Data excerpts
__________
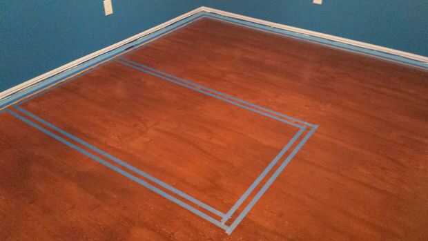 Para empezar, hemos añadido una línea de base alrededor de la habitación. Esto creó la separación de la frontera de la sala y los tablones y déjelo el Tribunal su propio. Luego empezamos a agregar la caja usada para el área de tiro libre clave. Es importante que todas sus medidas hacia abajo, como lo último que queremos aquí es que fuera del centro o torcida.
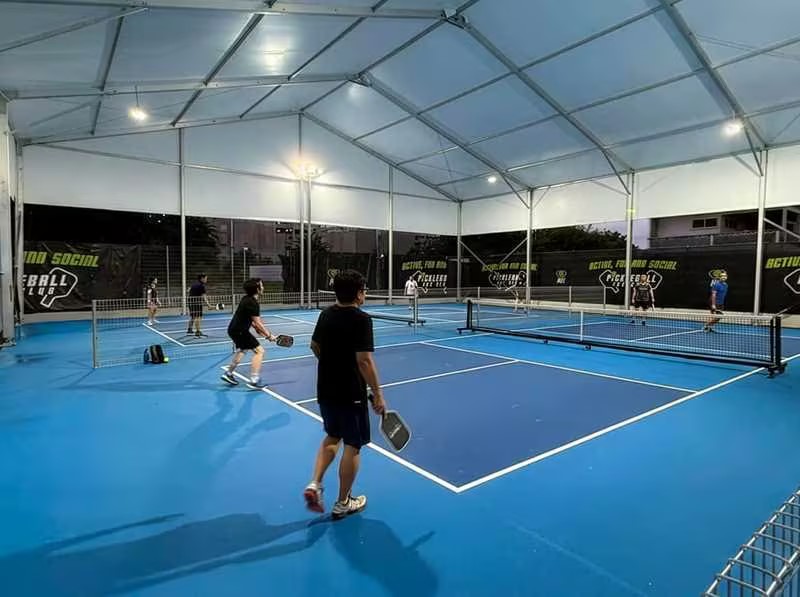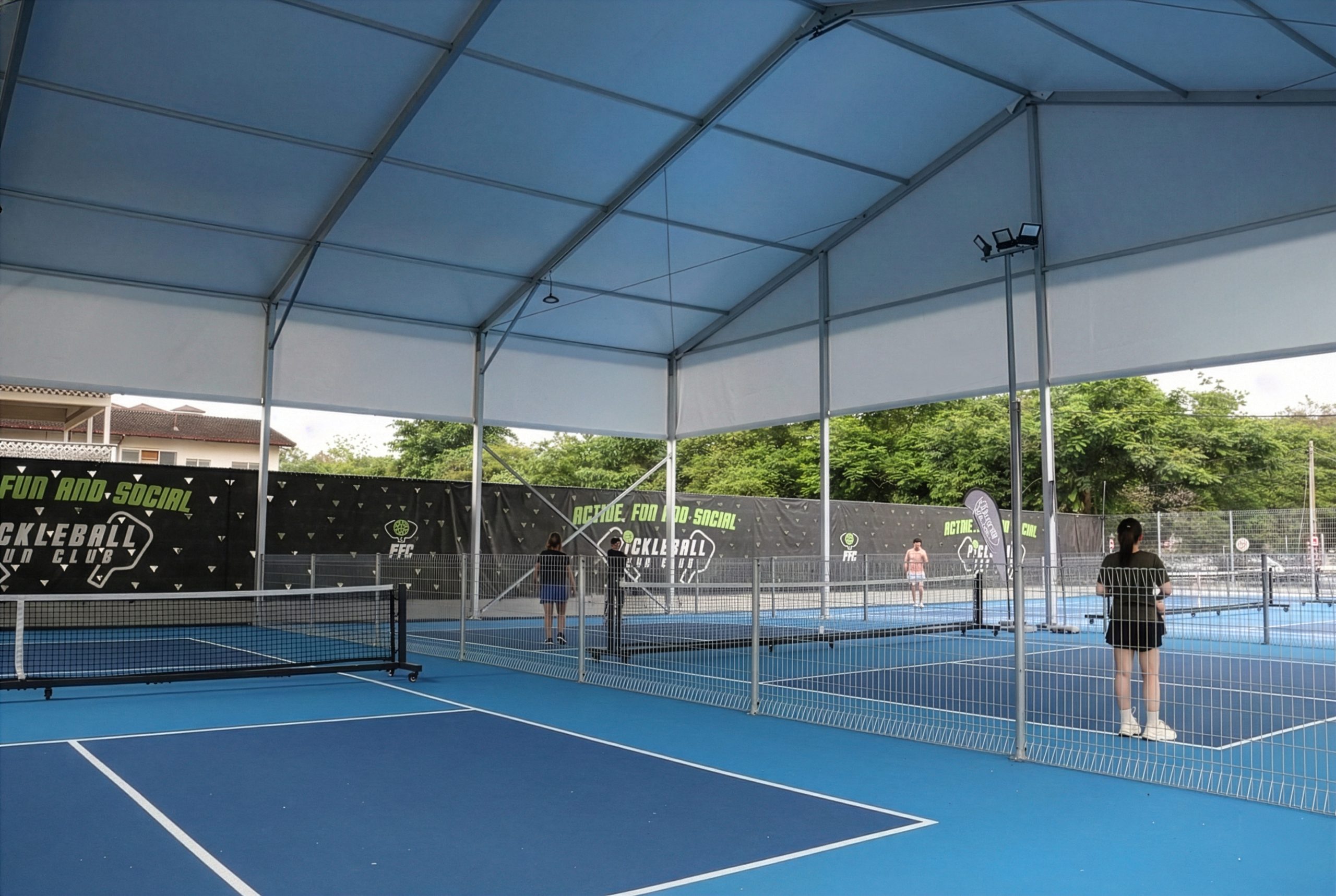 With a tent covering the courts, you can keep the games going regardless of the season, from hot summers to drizzly fall days.
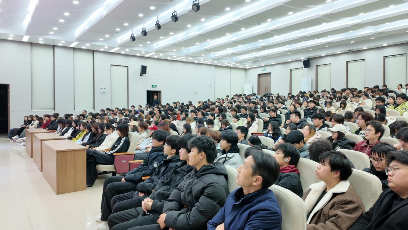 讲座现场,学工处、保卫工作部、各二级学院相关工作人员及部分学生代表齐聚参训;各学院组织晚自习、一站式学生社区让学生线上同步参与。
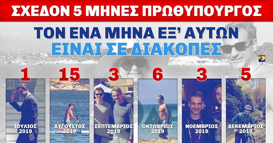Σημειώνεται πως αυτή δεν είναι η πρώτη φορά που ο πρωθυπουργός δράττεται της ευκαιρίας για να κάνει εξορμήσεις στην εξοχή, ενώ από την Δευτέρα, στα κοινωνικά δίκτυα κυκλοφορεί η «έρευνα» του Jodi που μετρά -ούτε λίγο, ούτε πολύ- περί τις 30 ημέρες διακοπών για τον Κ. Μητσοτάκη από την εκλογή.
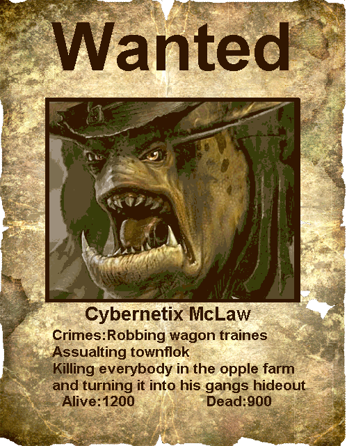 I dont know if this counts as fan art but i love to modufy stuff using paint and painshop pro.Heres 2 home made outlaw wanted posters made from the parchment desingn elements and some pictures of 2 outlaw minions i promoted to outlaw bosses.
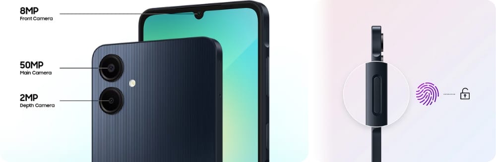 Galaxy A06 оснащений процесором MediaTek G85 та вбудованою пам'яттю для комфортної гри, стримінгового відео та перегляду соцмереж. Основна камера з роздільною здатністю 50 МП робить приголомшливі фотографії, а батарея ємністю 5 000 мА∙год забезпечує тривалу автономну роботу. Насолоджуйтеся багатозадачністю з додатковою пам'яттю.
__________
▶ TASK DIRECTIONS
Every line from the one containing "With a tent" to the final line of the records should be duplicated exactly; no picture is to be copied.

▶ TASK RESULT
 With a tent covering the courts, you can keep the games going regardless of the season, from hot summers to drizzly fall days.
 讲座现场,学工处、保卫工作部、各二级学院相关工作人员及部分学生代表齐聚参训;各学院组织晚自习、一站式学生社区让学生线上同步参与。
Σημειώνεται πως αυτή δεν είναι η πρώτη φορά που ο πρωθυπουργός δράττεται της ευκαιρίας για να κάνει εξορμήσεις στην εξοχή, ενώ από την Δευτέρα, στα κοινωνικά δίκτυα κυκλοφορεί η «έρευνα» του Jodi που μετρά -ούτε λίγο, ούτε πολύ- περί τις 30 ημέρες διακοπών για τον Κ. Μητσοτάκη από την εκλογή.
 I dont know if this counts as fan art but i love to modufy stuff using paint and painshop pro.Heres 2 home made outlaw wanted posters made from the parchment desingn elements and some pictures of 2 outlaw minions i promoted to outlaw bosses.
 Galaxy A06 оснащений процесором MediaTek G85 та вбудованою пам'яттю для комфортної гри, стримінгового відео та перегляду соцмереж. Основна камера з роздільною здатністю 50 МП робить приголомшливі фотографії, а батарея ємністю 5 000 мА∙год забезпечує тривалу автономну роботу. Насолоджуйтеся багатозадачністю з додатковою пам'яттю.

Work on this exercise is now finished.